We think the approach set forth by the Fifth Circuit in the Estate of Dunn is the better of the two. The estate tax owed is calculated based upon a "snap shot of valuation" frozen on the date of Jelke’s death, taking into account only those facts known on that date. It is more logical and appropriate to value the shares of [the company's] stock on the date of death based upon an assumption that a liquidation has occurred, without resort to present values or prophesies.

The rationale of the Fifth Circuit in the Estate of Dunn eliminates the crystal ball and the coin flip and provides certainty and finality to valuation as best it can, already a vague and shadowy undertaking. It is a welcome road map for those in the judiciary, not formally trained in the art of valuation.

The Estate of Dunn dollar-for-dollar approach also bypasses the unnecessary expenditure of judicial resources being used to wade through a myriad of divergent expert witness testimony, based upon subjective conjecture, and divergent opinions. The Estate of Dunn has the virtue of simplicity and its methodology provides a practical and theoretically sound foundation as to how to address the discount issue. * * *
Essentially, the Court's approach harked back to the analysis of market factors set forth in
Mandelbaum v. Commissioner, T.C. Memo. 1995-254 (06/12/95). These factors were noted in an article entitled "Marketability Discounts -- The Mandelbaum Case Raises Key Issues", by George B. Hawkins & Michael A. Paschall, published in the "Fair Value" Newsletter (Spring, 1996).

Following the rationale declared in Dunn and considering the testimony de novo, the court ordered a discount of fifteen percent for the lack of marketability of the shares.

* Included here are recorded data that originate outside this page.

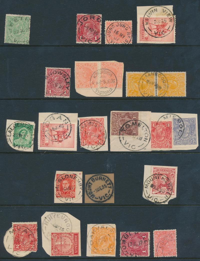 including 'TO COLDSTREAM', 'EDEN HILLS', rare 'HARTWELL E6' (changed to 'E13' circa 1960), superb 'MOORNGAG', 'STOCKYARD HILL', 'TANNAHILLS', 'TOWANINNIE', 'WYELANGTA', good range of Money Order (MO) types, etc, oddments from other States, a high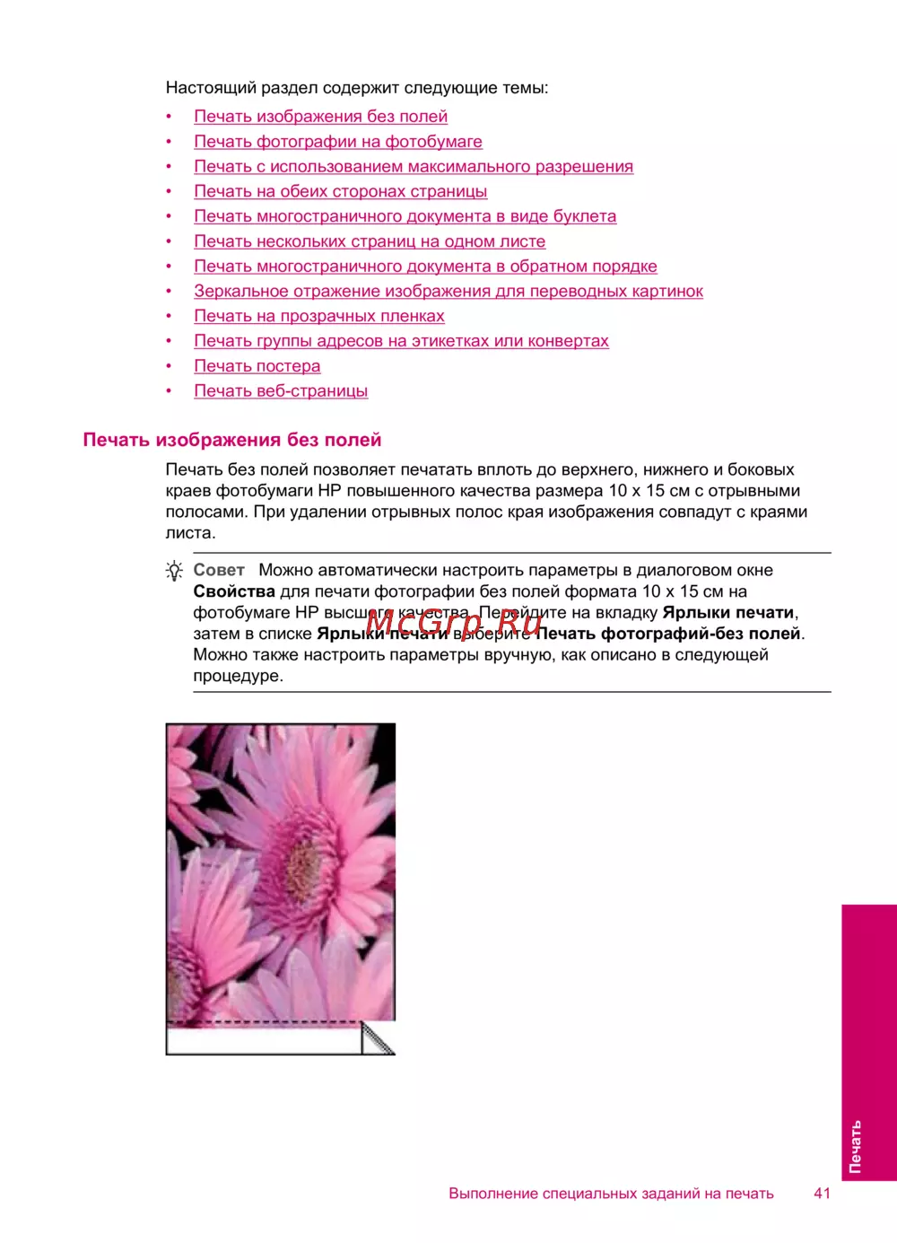 - Печать изображения без полей p.44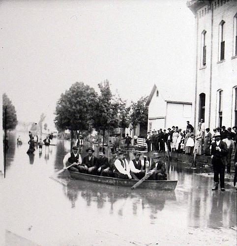 You can see in the following two photos how many working class people were forced to evacuate in boats ( first photo) for a period of time because of the flooding along the Grand River and how the flooding caused damage to the modest wooden homes seen in the second photo below.

For a contrary viewpoint, read the blistering 16-page dissent by Circuit Judge Carnes:
[N]o longer is all that bother necessary. The parties need not quarrel over, and courts need not concern themselves with, all the variables that go into calculating a fair award for lost future earnings.

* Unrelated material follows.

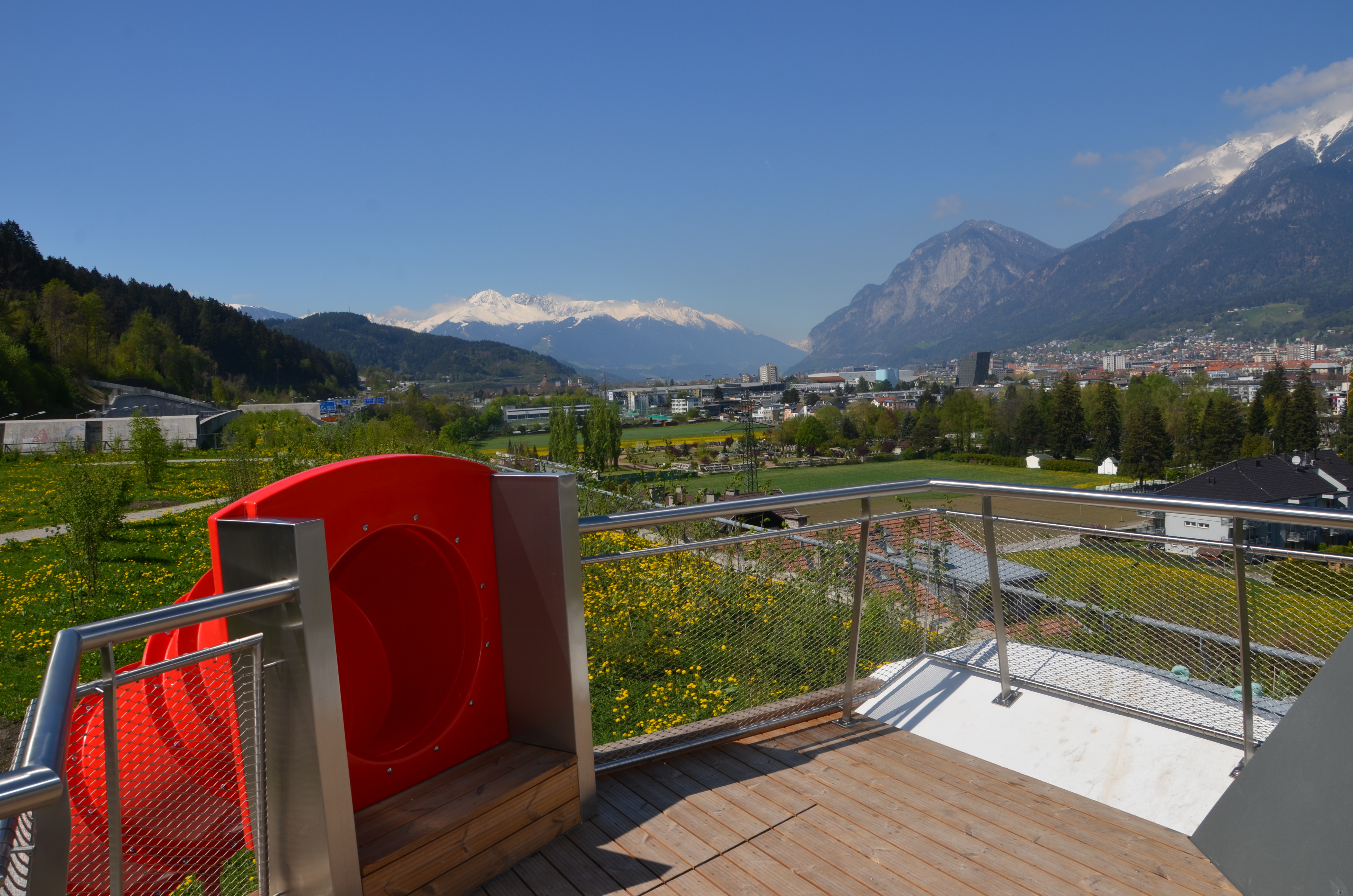 Die Einhausung der Autobahn A12 in Amras trägt nicht nur positiv zur Lärmbewältigung bei, sie entwickelt sich immer mehr zur grünen Oase für jede Altersklasse. Nach der Fertigstellung des Spielplatzes für Kleinkinder 2014, konnte nun auch die Boulderanlage eröffnet werden. Diese überzeugt durch eine ganz besondere Optik.

After all, the quest for a best estimate of economic reality in such a case is, in the majority’s view: “fluidly etheral,” it involves “hunt-and-peck forecasting,” it is like “flip[ping] a coin,” and it is no better than “gaz[ing] into a crystal ball.”

So, the Advanced Telecommunications decision, like so many others of ours that require estimating present value based on predictions about future events, will have to go. All of
those prior precedents will have to yield to the easy arbitrary assumption method of valuation, to the judicial equivalent of the doctrine of ignoble ease.